The conversation usually starts the same way. A physician decides it's time to sell, talks to a broker or a colleague, gets introduced to a potential buyer, and for the 1st time in years feels like there's actually a path forward. The early calls go well, the numbers look reasonable, and both sides are saying the right things. And then somewhere between the handshake and the signature, the whole thing falls apart.

Most solo ophthalmology practice sales that begin never actually close, and the reasons are almost never about price or willingness. Both sides wanted it to work but the mechanics killed it before either of them could save it. Understanding why deals collapse is just as important as understanding how they succeed, because almost every failure point is preventable if you see it coming before it arrives.

The Buyer's Financing Falls Through

The most common reason a practice sale dies is that the buyer can't actually fund the transaction. This sounds like it should be the 1st thing everyone verifies, but in practice the financing conversation is almost always the last one that gets serious because both sides are so focused on the clinical fit and the deal terms that nobody wants to slow things down by asking uncomfortable questions about money.

A physician buyer might have strong credentials, a clean record, and genuine enthusiasm for the practice, but when the bank runs the numbers on their personal liquidity, their existing debt load, and the practice's cash flow projections, the loan doesn't get approved. Or it gets approved at terms that fundamentally change the economics. Or the credit committee adds conditions that push the closing back by months while the seller sits in limbo, watching the practice slowly lose value with every week that passes.

In any deal that involves 3rd-party financing, the timeline belongs to the lender. Underwriting stretches from weeks into months. Credit committees request additional documentation, revised projections, and structural changes to the loan that force both sides back to the negotiating table on terms everyone thought were already settled. Each round of revision adds time, and every week of delay increases the risk that someone decides the whole thing isn't worth the effort anymore. The deal doesn't explode in one dramatic moment, it just slowly runs out of oxygen until neither side has the energy to resuscitate it.

Attorneys Create Friction Instead of Resolution

In a healthy transaction, the attorneys on both sides work toward the same goal: getting the deal closed with appropriate protections for their clients. In a dysfunctional transaction, the attorneys become the primary obstacle, and this happens far more often than anyone outside of healthcare M&A would expect.

The incentives explain most of it. Hourly billing means there's no financial reason for counsel to close quickly, and when an attorney views their role as adversarial rather than transactional they'll fight over language that has zero practical impact on the deal's economics. The problem gets worse when the attorney doesn't specialize in healthcare transactions, because they'll raise technically correct objections that are operationally meaningless, triggering cycles of revision that exhaust both parties without actually moving anything forward.

The worst version of this is when the buyer's counsel and the seller's counsel develop a personal friction that has nothing to do with the substance of the agreement. Once the lawyers stop communicating productively, every document turns into a territory fight and every redline becomes a referendum on who is winning rather than whether the deal makes sense. The 2 physicians who actually want the transaction to close find themselves hostage to a dynamic between professionals whose incentives have completely diverged from the outcome everyone originally agreed on.

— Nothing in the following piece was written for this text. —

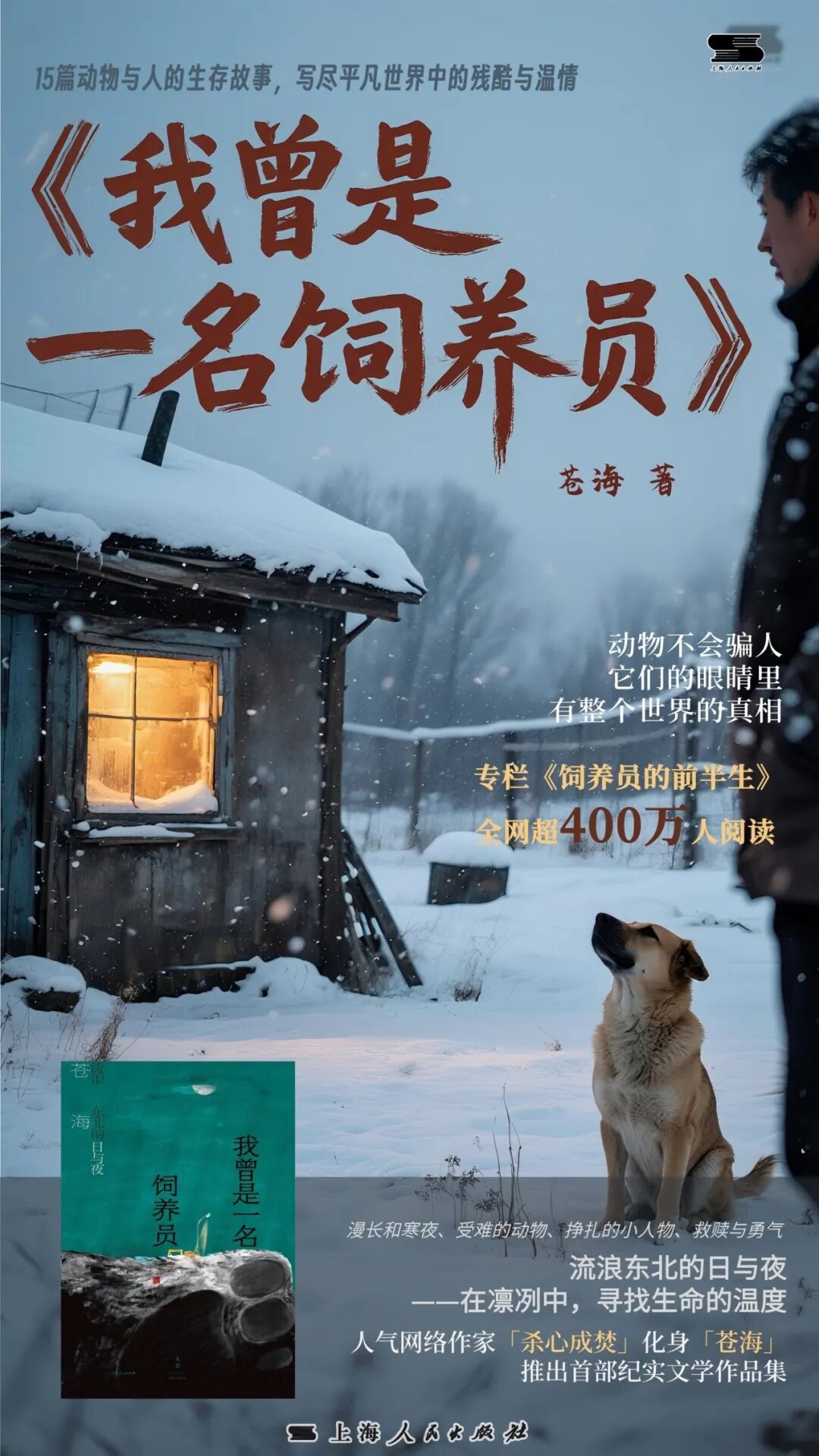 画面灵感来源于书中《土狗老白》的故事:穷困的作者受命掩埋处理老板的病狗,却在看到狗奄奄一息的样子时心生怜悯,筹钱为其治病,并租了间破仓库共居,一人一狗有了临时的“家”。病愈后的狗与他形影不离,伴他度过那段艰难时光。字里行间虽透出生存的艰辛,却更闪烁着人与动物彼此救赎的温情光芒,正如海报所示:冰雪覆盖下,总有一盏暖灯为你点亮。
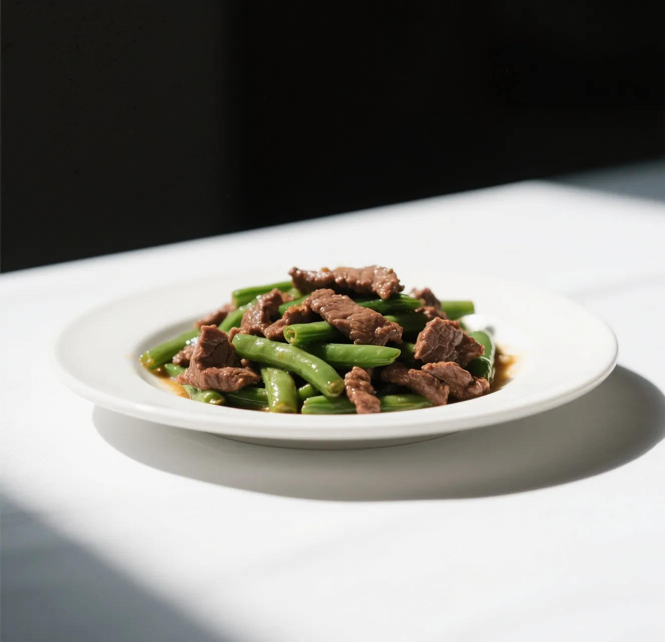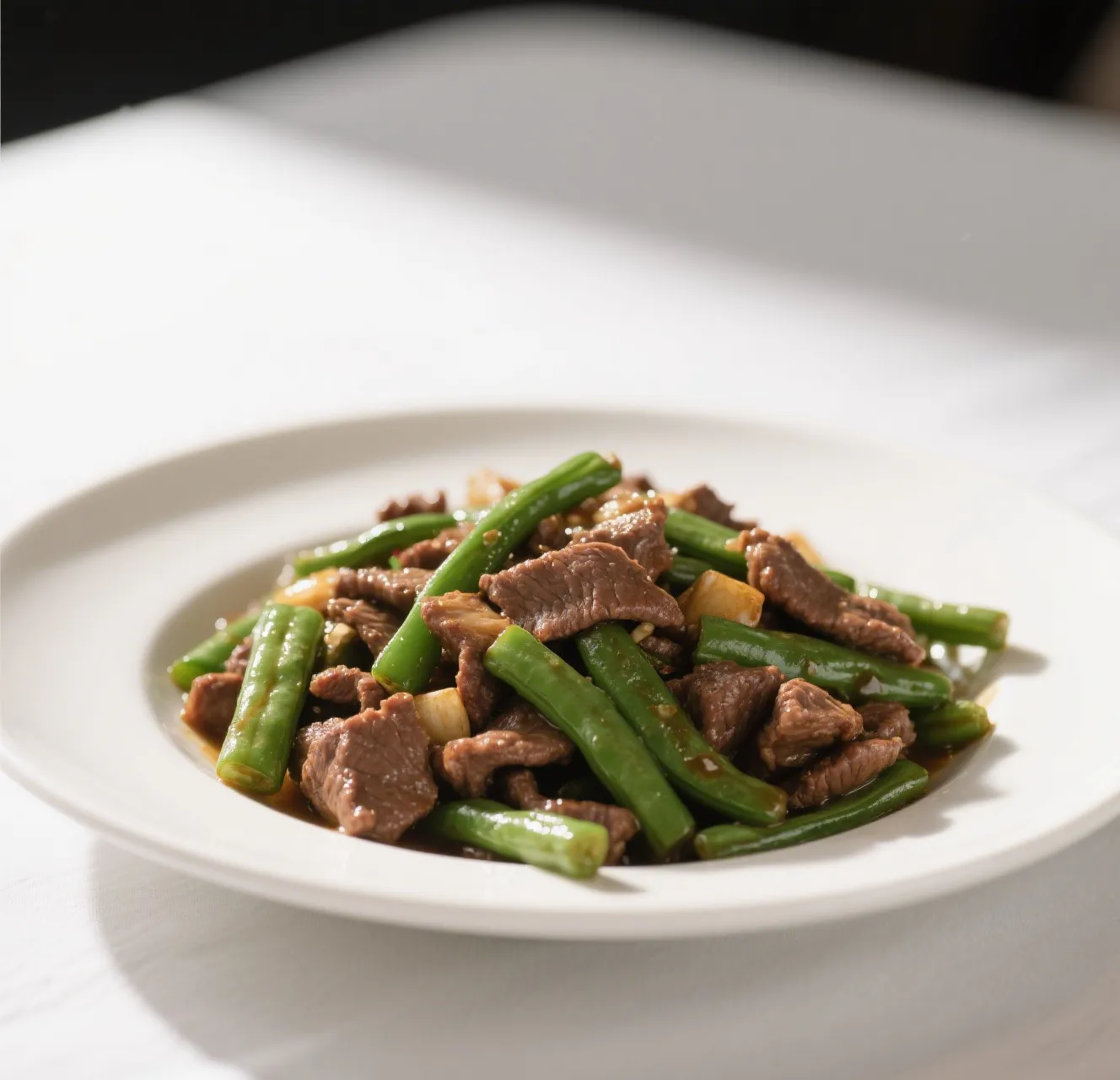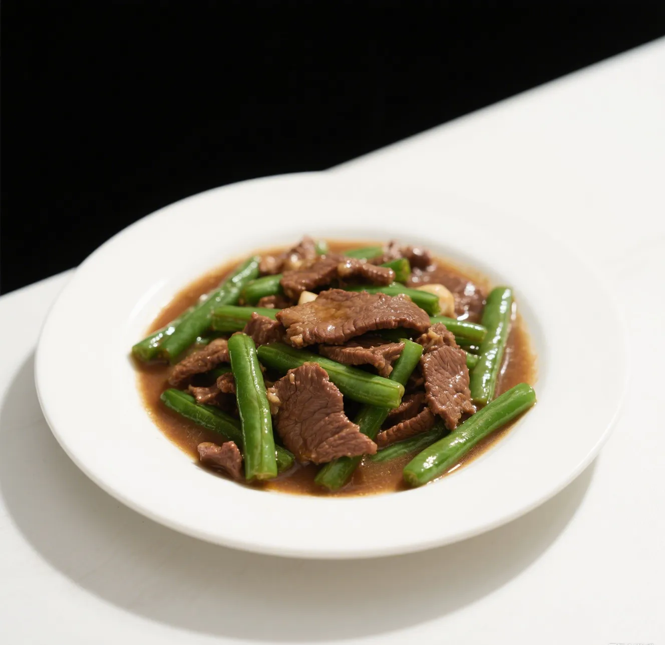 🥩 Tender beef slices stir-fried with crisp string beans in a savory garlic brown sauce.

By the time the clients realize what's happening, months have passed, legal bills have stacked up, and the momentum that made the deal feel inevitable has evaporated. One of the most common things sellers say after a collapsed deal is "we should have just talked to each other directly instead of letting the lawyers handle everything." They're usually right.

Non-Binding Letters of Intent Create False Security

The letter of intent is the document that makes everyone feel like the deal is real. It outlines the purchase price, the general structure, the timeline, and the major terms. Both sides sign it and for the 1st time in months there's genuine relief and optimism in the room. The seller feels like they can finally start planning for what comes next.

In most practice sales, the LOI is non-binding, which means either party can walk away at any time for any reason with no legal consequence. The document that generates all that relief and optimism is actually just a framework for beginning the real negotiation, which hasn't even started yet.

The danger is what happens psychologically after the LOI is signed. The seller stops exploring other options because it feels disloyal or unnecessary. They may mention the transition to key staff members and start mentally disengaging from the practice because the finish line feels close. They make personal plans around a closing date that nobody has actually guaranteed. And when the deal falls apart 4 months later because the buyer's financing collapsed or the attorneys couldn't agree on the definitive documents, the seller is in a materially worse position than before the LOI existed. They lost time, they lost other potential buyers who moved on, they may have unsettled their staff, and worst of all they lost confidence that a successful transition is even possible.

That loss of confidence is the real cost. A physician who goes through one failed transaction is significantly less likely to try again, which means the practice that could have been preserved through a structured transition ends up simply closing when the physician retires.

Tax Deadlines Create Pressure Nobody Plans For

Every practice sale takes place inside a tax calendar that the seller rarely thinks about until it's too late. Filing deadlines, estimated tax payments, entity elections, and pending obligations create a ticking clock that runs on its own schedule regardless of where the transaction stands. When the deal timeline and the tax timeline collide, the seller gets trapped between closing on bad terms and missing a deadline that triggers penalties and interest they never saw coming.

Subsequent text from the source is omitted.